After having created the GraphBlogGraph in a Google Spreadsheet in part 1, and having imported it into Neo4j in part 2, we can now start having some fun and analysing and querying that dataset. There are obviously a lot of things we could do here, but in this final blog post I am just going to explore some initial things that I am sure you could then elaborate and extend upon.

Let’s start with a simple query

// Which pages have the most links
match (b:Blog)--(p:Page)-[r:LINKS_TO]->(p2:Page)

return b.name, p.title, count(r)

order by count(r) desc

Run this in the Neo4j browser and we get:

or just return the graphical result with a slightly different query:

match (b:Blog)--(p:Page)-[r:LINKS_TO]->(p2:Page)

with b,p,r,p2, count(r) as count

order by count DESC

limit 50

return b,p,r,p2

And then you start to see that Max De Marzi is actually the “king of linking”: he links his pages to other web pages a lot (which is actually very good for search-engine-optimization) .

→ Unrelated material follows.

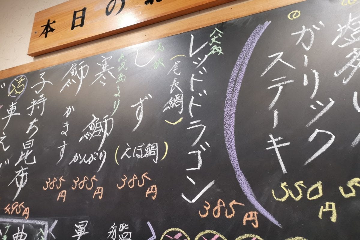 本日のおすすめに書かれたメニューはどれも美味しそうだが、ひときわ目立ったのが、黒板の

A quick visit to one of Max’ pages does actually confirm that: there’s a lot of cool, bizarre, but always interesting links on Max’ blogposts:

So let’s do another query. Let’s look at the different links that exist between blogposts of our blog-authors. Are they actually quoting/referring to one another or not? Let’s do

//links between blogposts

MATCH p=((n1:Blog)--(p1:Page)-[:LINKS_TO]-(p2:Page)--(b2:Blog))

RETURN p;

and then we actually find that there are some links - but not that many.

Same thing if we look at this a different way: let’s do some pathfinding and check out the paths between different blogs, for example my blog and Michael’s

match (b1:Blog {name:"Bruggen"}),(b3:Blog {name:"JEXP Blog"}),

p2 = allshortestpaths((b1)-[*]-(b3))

return p2 as paths

Then we actually see a bit more interesting connections: we don’t refer to one another directly very often, but we both refer to the same pages - and those pages become the links between our blogs. At depth 4 we see these kinds of patterns:

Interesting, right? I think so, at least!

Then let’s do some more playing around, looking at the most linked to pages:

//Which pages are being linked to most

match ()-[r:LINKS_TO]->(p:Page)

return p.url, count(r)

order by count(r) DESC

limit 10;

That quickly uncovers the true “spider in the web”, my friend, colleague and graphista-extraordinaire: Michael Hunger:

Last but not least, I wanted to revisit an old and interesting way of running PageRank on Neo4j using Cypher (not using the Graphaware NodeRank module, therefore). I blogged about some time ago, and it’s actually really interesting and easy to do. Here’s the query:

UNWIND range(1,50) AS round
MATCH (n:Page)
WHERE rand() < 0.1
MATCH (n:Page)-[:LINKS_TO*..10]->(m:Page)
SET m.rank = coalesce(m.rank,0) + 1

This does 50 iterations of PageRank, using a 0,1 damping factor and a maximum depth of 10. Running it is surprisingly quick:

If you do that a couple of times, and even do a few hundred iterations at once, you will quickly see the results emerge with the following simple query:

match (n:Page)
where n.rank is not null
return n.url, n.rank
order by n.rank desc
limit 10;

Confirming the “spider in the web” theory that I mentioned above. Michael rules the links!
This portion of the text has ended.